It's not related to Chinese in specific, but in civilian air traffic, the lingua franca is specifically English[0]. The reason for this is because other languages leave too much room for interpretation. One incident not mentioned in that page that's worth bringing up is Korean Air Flight 801; the crew recognized an issue with the instruments quite a bit before the crash, but because the flight crew essentially was too polite in notifying the captain of the issue, the captain instead asserted authority with incomplete information, leading to the plane crashing[1].Language specificity and cultural encoding in those languages can have a pretty major impact on its clarity, especially in critical situation. Speaking a secondary language instead can avoid that sort of thing simply because being a non-native speaker, you'll be a good deal more blunt in that language.

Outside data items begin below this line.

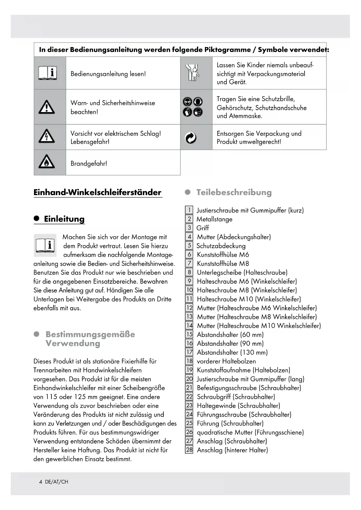 SLIJPER Montage-, bedienings- en veiligheidsinstructies EINHAND-WINKELSCHLEIFERSTÄNDERDE / AT / CH Montage-, Bedienungs- und Sicherheitshinweise Seite 3 FR /CH Instructions de montage, d‘utilisation et consignes de sécurité Page 9 IT/ CH Istruzioni di montaggio, d’uso e di sicurezza Pagina 15 NL Montage-, bedienings- en veiligheidsinstructies Pagina 213 DE/AT/CH Einleitung Bestimmungsgemäße Verwendung ...................................................................................................Seite 4 Teilebeschreibung ...............................................................................................................................Seite 4 Lieferumfang .......................................................................................................................................Seite 5 Technische Daten ................................................................................................................................Seite 5 Sicherheitshinweise ............................................................................................................... Seite 5 Allgemeine Sicherheitshinweise ........................................................................................................Seite 6 Montage ..........................................................................................................................................Seite 7 Bedienung ...................................................................................................................................... Seite 8 Reinigung und Pflege ........................................................................................................... Seite 8 Entsorgung ....................................................................................................................................Seite 84 DE/AT/CH In dieser Bedienungsanleitung werden folgende Piktogramme / Symbole verwendet: Bedienungsanleitung lesen! Lassen Sie Kinder niemals unbeauf- sichtigt mit Verpackungsmaterial und Gerät. Warn- und Sicherheitshinweise beachten! Tragen Sie eine Schutzbrille, Gehörschutz, Schutzhandschuhe und Atemmaske. Vorsicht vor elektrischem Schlag! Lebensgefahr! Entsorgen Sie Verpackung und Produkt umweltgerecht! Brandgefahr! Einhand-Winkelschleiferständer Einleitung Machen Sie sich vor der Montage mit dem Produkt vertraut. Lesen Sie hierzu aufmerksam die nachfolgende Montage- anleitung sowie die Bedien- und Sicherheitshinweise. Benutzen Sie das Produkt nur wie beschrieben und für die angegebenen Einsatzbereiche. Bewahren Sie diese Anleitung gut auf. Händigen Sie alle Unterlagen bei Weitergabe des Produkts an Dritte ebenfalls mit aus. Bestimmungsgemäße Verwendung Dieses Produkt ist als stationäre Fixierhilfe für Trennarbeiten mit Handwinkelschleifern vorgesehen. Das Produkt ist für die meisten Einhandwinkelschleifer mit einer Scheibengröße von 115 oder 125 mm geeignet. Eine andere Verwendung als zuvor beschrieben oder eine Veränderung des Produkts ist nicht zulässig und kann zu Verletzungen und / oder Beschädigungen des Produkts führen. Für aus bestimmungswidriger Verwendung entstandene Schäden übernimmt der Hersteller keine Haftung. Das Produkt ist nicht für den gewerblichen Einsatz bestimmt. Teilebeschreibung
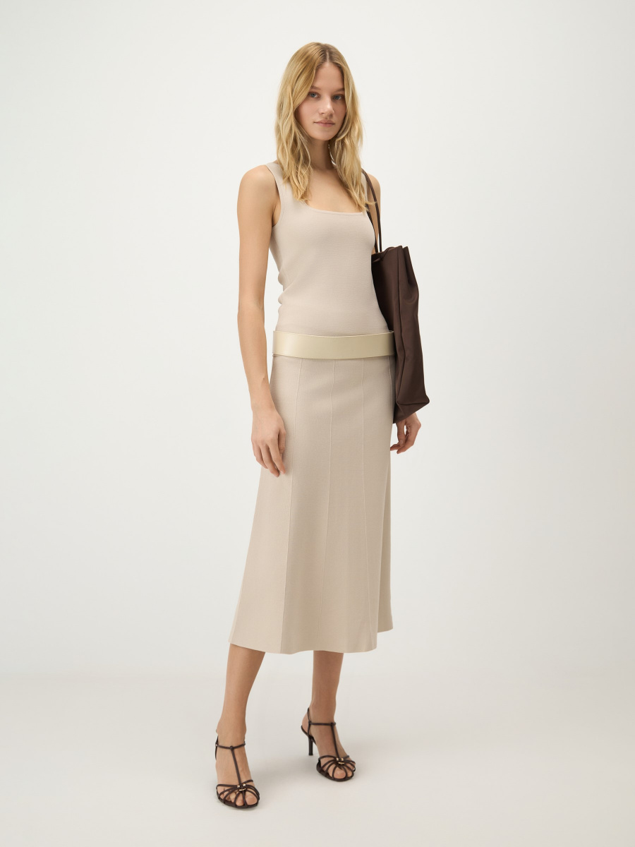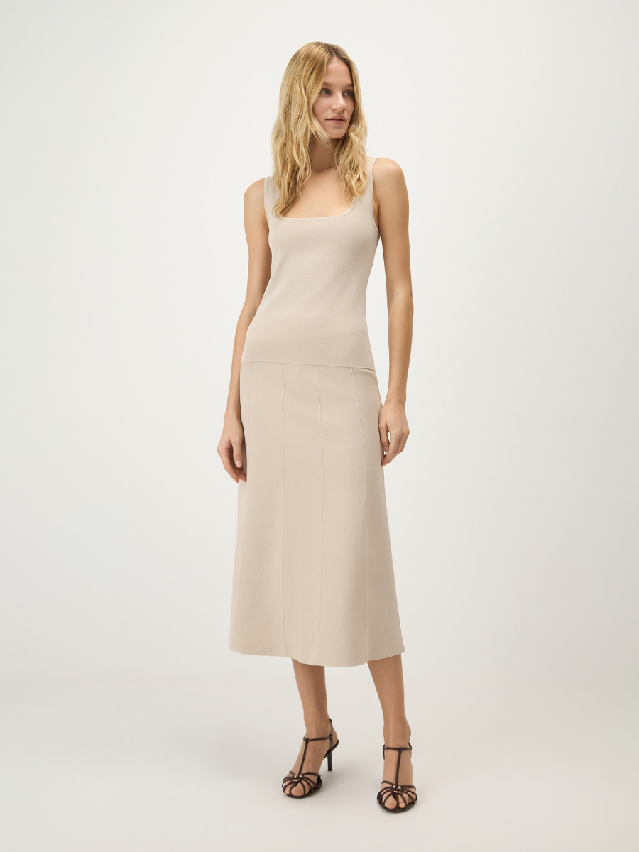 Облегающий топ с широкими бретелями. Связан из шелковистой пряжи на основе вискозы, усиленной нейлоном, — мягкой и формоустойчивой. Плотное плетение создает равномерное прилегание без заломов. Квадратный вырез подчеркивает ключицы, а обработка краев позволяет бретелям сохранять четкую форму без перекручиваний.
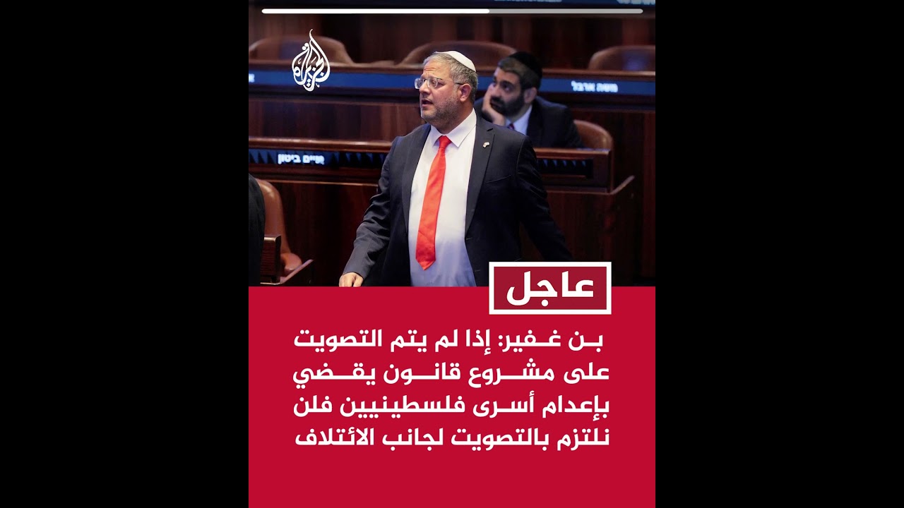 بن غفير: إذا لم يتم التصويت على مشروع قانون يقضي بإعدام أسرى فلسطينيين فلن نلتزم بالتصويت للائتلاف  #AlJazeera Arabic # قناة الجزيرة
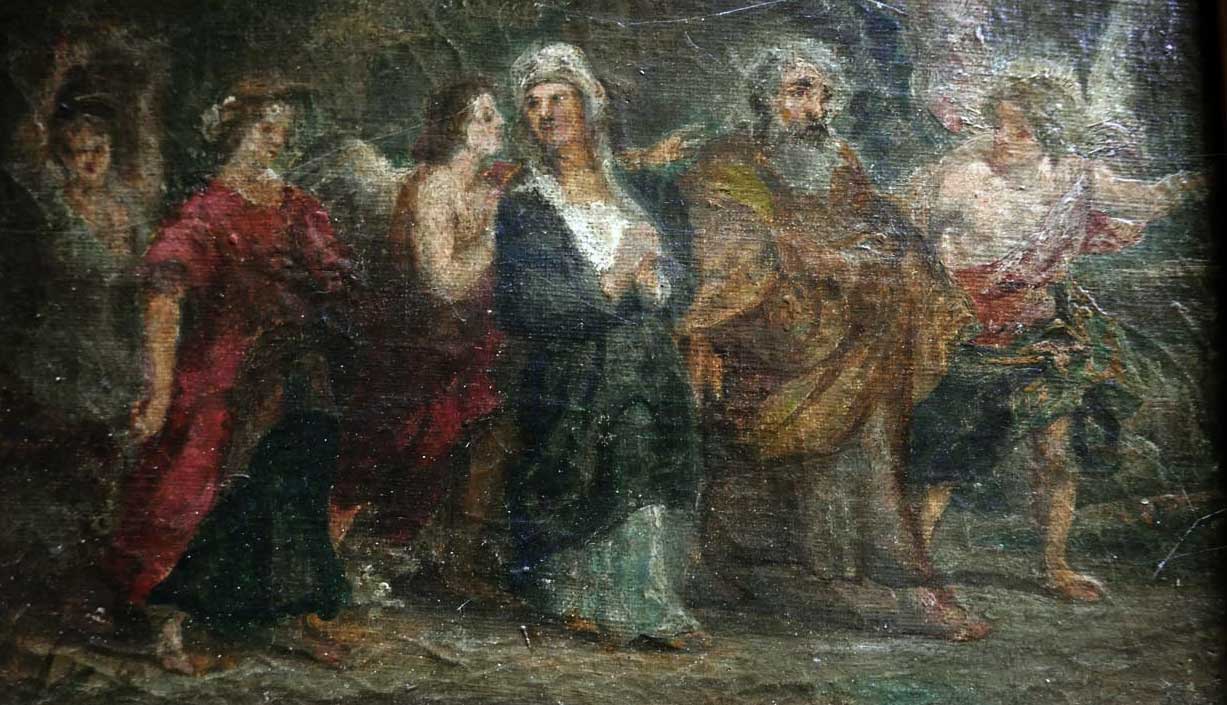 Aus dem Schlafzimmer hier am Tisch das Bild zu Sodom und Gomora.Vertreibung, hinter ihnen brennt die Stadt. Vom Engel geleittet, die Frau, die sich trotz Verbot umwendet, hat keine Chance...Von M.K überlassen .
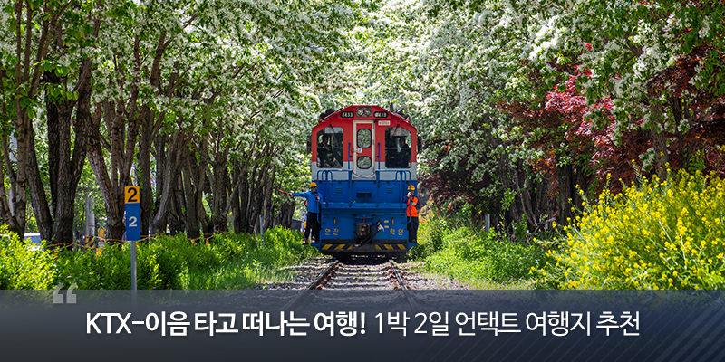 KTX-이음으로 더 편하고 빠르게 이동할 수 있게 되며 국내 당일치기 여행이나 1박 2일 여행을 계획하는 분들도 계실 텐데요. KTX-이음을 이용해보고 싶었던 분들이라면, 혹은 포스트 코로나 시대 안전한 여행을 떠나고 싶었던 분들이라면 오늘 현대로템 블로그에서 소개하는 여행지를 확인해 보세요!

[0]: https://en.wikipedia.org/wiki/Aviation_English
[1]: https://en.wikipedia.org/wiki/Korean_Air_Flight_801
_jss|9 days ago
English is the language of aviation because in 1951 the countries with the most living pilots and aircraft spoke English. It is not because of any trait particular to English.
gwd|9 days ago
numpad0|9 days ago
There are few recordings of aircraft emergencies over Japan on YouTube. Two obvious things in those recordings are that local pilots drop pretense of speaking Engurish in almost any non-normal conditions, and that local ATCs are dangerously useless outside of normal conditions. There's nothing visibly helpful from using English in there.